VH1 Europe
VH1 Europe, also known as VH1 European, is a music television channel from Viacom International Media Networks Europe, based on the American Channel of the same name. This version of VH1 is very different from its American counterpart, since it has never ceased to be a proper music channel, playing a wide variety of music programs on a daily or weekly basis. VH1 Europe was in 2013 the only major music channel in Western Europe still broadcasting in the 4:3 ratio while others broadcast in 16:9 widescreen. Since May 2014 VH1 Europe now is broadcasting in 16:9 widescreen.

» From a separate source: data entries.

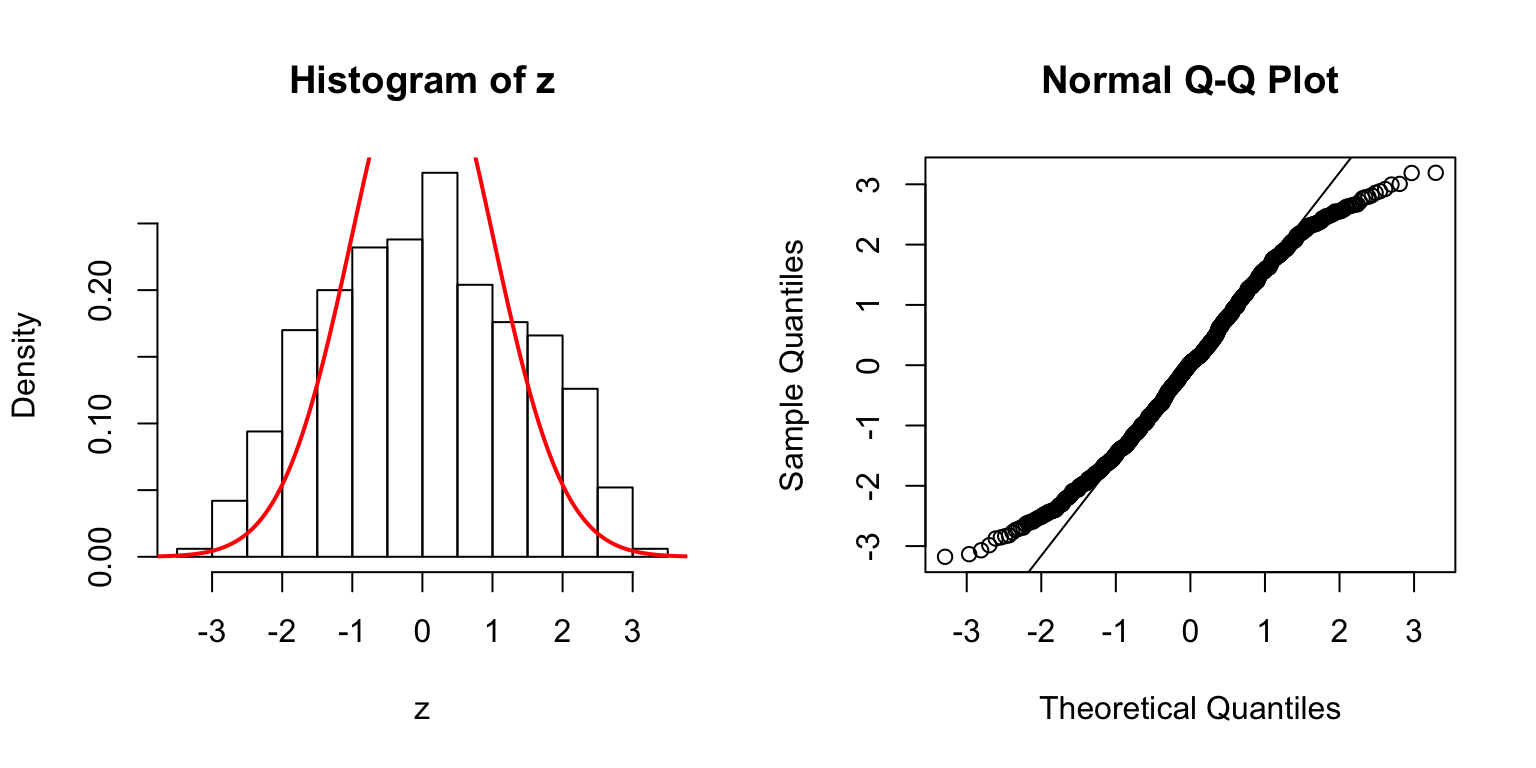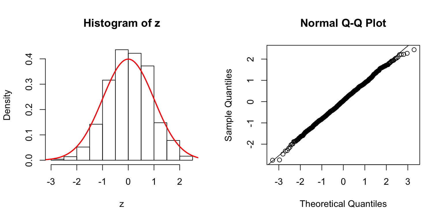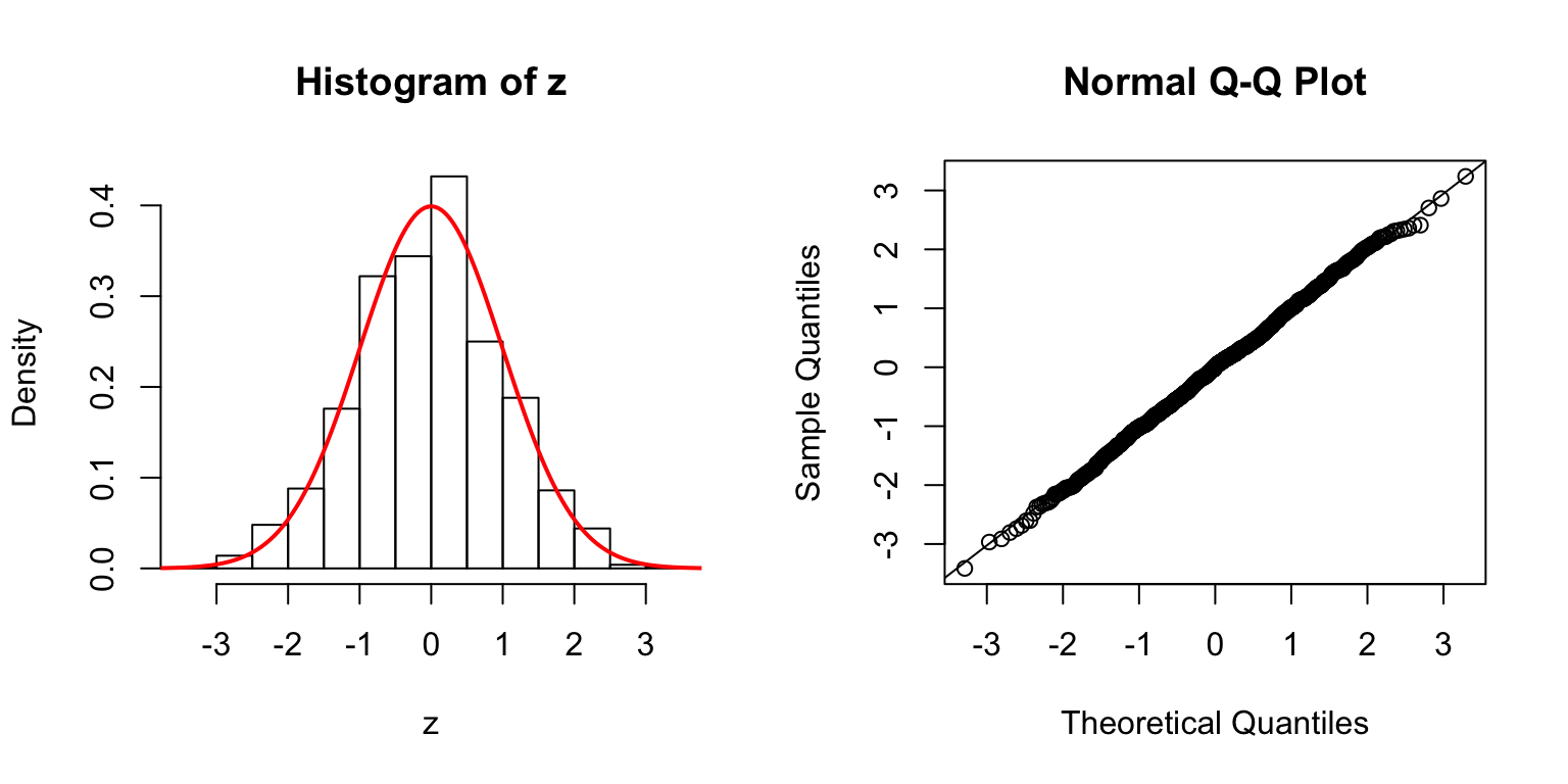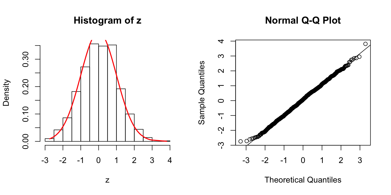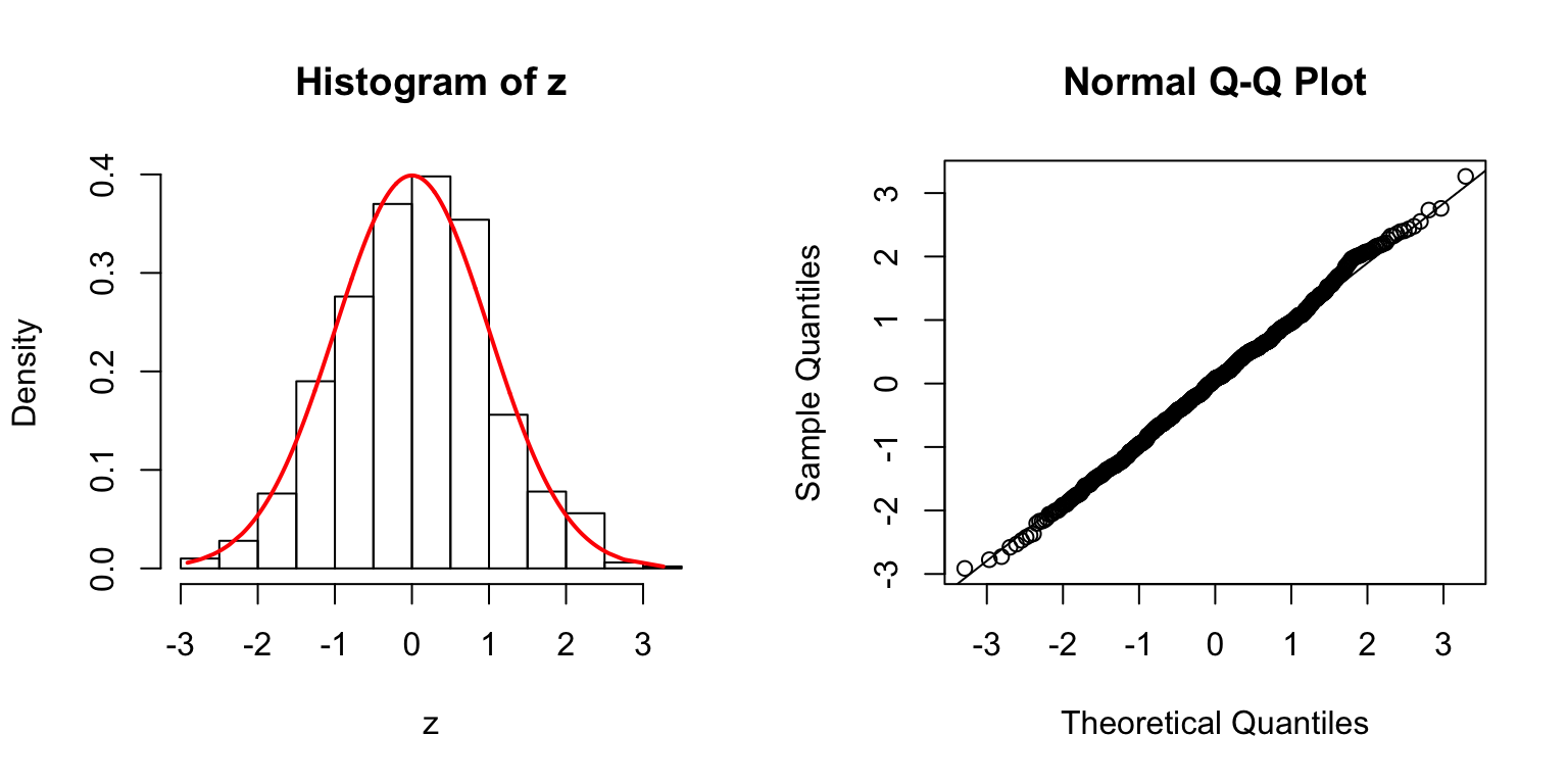 Data are generated in a global null setting by \[ y_n = X_{n \times p}\beta_p + e_n \] where \[ \begin{array}{c} n = 2000 \\ p = 1000 \\ e_n \sim N(0, 1) \\ \end{array} \] and \[ \beta_p \equiv 0 \]
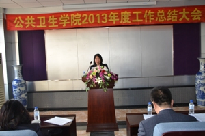 首先,李娟院长作了2013年行政工作总结报告,报告从重点抓好班子建设和系主任科主任换届工作,形成团结、和谐、务实、创新的领导集体;加强学科建设,搭建学科发展平台;加强本科教育,深化教学改革,拓展本科教育新思路;加强研究生教育,强化创新人才培养;积极发展继续教育,提高现代远程教育质量;强化学院科技创新和对外服务能力,提升学院整体科研实力和水平;人才引进与师资培养;学生培养与校园文化建设;做好校友工作;加强条件支撑和民生改善,促进和谐学院建设等十个方面进行了全面总结。李娟院长在报告中最后指出学院工作存在的不足,新的一年要本着有所为有所不为的理念,优先抓好学院发展的重点工作。
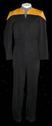 A black Starfleet uniform jumpsuit with operations gold division shoulders, form fitting elastic in the waist, sewn in loops for ‘away team' gear, a black Velcro patch on the left breast for the attachment of a Starfleet combadge (sold separately), and a gray turtleneck undershirt all worn by Alex Enberg … |

It appeared for the first time in the United Kingdom in 1994 and the version airing in the UK was subsequently distributed across the whole of Europe. However, its current pan-European feed was officially launched in 2002, hence becoming a separate service from the UK-aimed channel VH1 UK.
Programming
This European version of VH1 is very different from its American counterpart, since it has never ceased to be a proper music channel, playing a wide variety of music programs on a daily or weekly basis. VH1 Europe covers many styles of music through a comprehensive selection of music videos ranging from the '70's to today, using MTV Networks Europe's London-based music video library. In 1994-1999 and since 2014, there was the 1984-1987 and 2011–present American VH-1 logo.
One Pan-European feed
Since August 5, 2010, most of the European feeds of VH1 are one common music channel which airs commercials. Starting this date, VH1 started to air the first commercial in some regions, thus following the trend of the regional resellers (cable companies) to air specific language and area commercials. The regional cover-up aspect of VH1 by this date has been less aggressive as it did not have commercial and shopping shows. The revenue came only from subscribers and since then the change in its politics means VH1 now allows third parties to overlap commercial clips with regional commercials. This increases the revenue by an additional percentage and it cannot increase the low audition percentage it has on the TV market.
Themed shows
Until early 2008, VH1 Europe's schedule was largely based upon music programming, although some shows imported from VH1 US or MTV US (including classic episodes of Beavis & Butt-head, Pop-Up Video and The Osbournes) could be seen during primetime hours as well. In February 2008, the station received a major makeover in its timeslot programming, with further specialist shows being added to the already existing ones, featuring selections of music videos linked by common themes (VH1 Themed, Smells Like The 90s, VH1 Pop Chart, Boogie Night, Flipside, Chill Out, So 80s, Viva La Disco, Sunday Soul, VH1 New, VH1 Rocks, Top 10, Final Countdown, Then & Now, VH1 Classic, Smooth Wake Up, Saturday Night Fever, Best Of Charts, Greatest Hits, Aerobic, Espresso, VH1 Oldschool, Cover Power...). In January 2010, the only daily hour of non-music related programming on VH1 Europe - formerly airing between noon and 1 p.m. - was replaced by music video-based programming. The channel's schedule now purely consists of music programming.
VH1 Jukebox
For 2 hours each day, between 18.00 and 20.00 CET, the channel played selections of videos submitted by viewers via the channel's website on a show called 'VH1 Jukebox'. The show was cancelled in summer 2010.
Availability
VH1 Europe broadcasts from MTV Networks Europe's premises in Camden Town (London, UK) to the whole continent of Europe, except Italy and San Marino, and covering also the Middle East and Africa. On June 1, 2010, it became officially available in Russia as well, replacing the former local version VH1 Russia. By the end of September 2012, Serbia, Slovenia, Croatia, Montenegro, Macedonia and Bosnia and Herzegovina got their regional version of VH1 called VH1 Adria, which replaced paneuropean feed until the end of January 2015, when it was replaced by VH1 Europe.
VH1 Europe is available in almost every digital platform in the above-mentioned areas. VH1 Europe covers countries from Europe, Middle East and Africa.[1]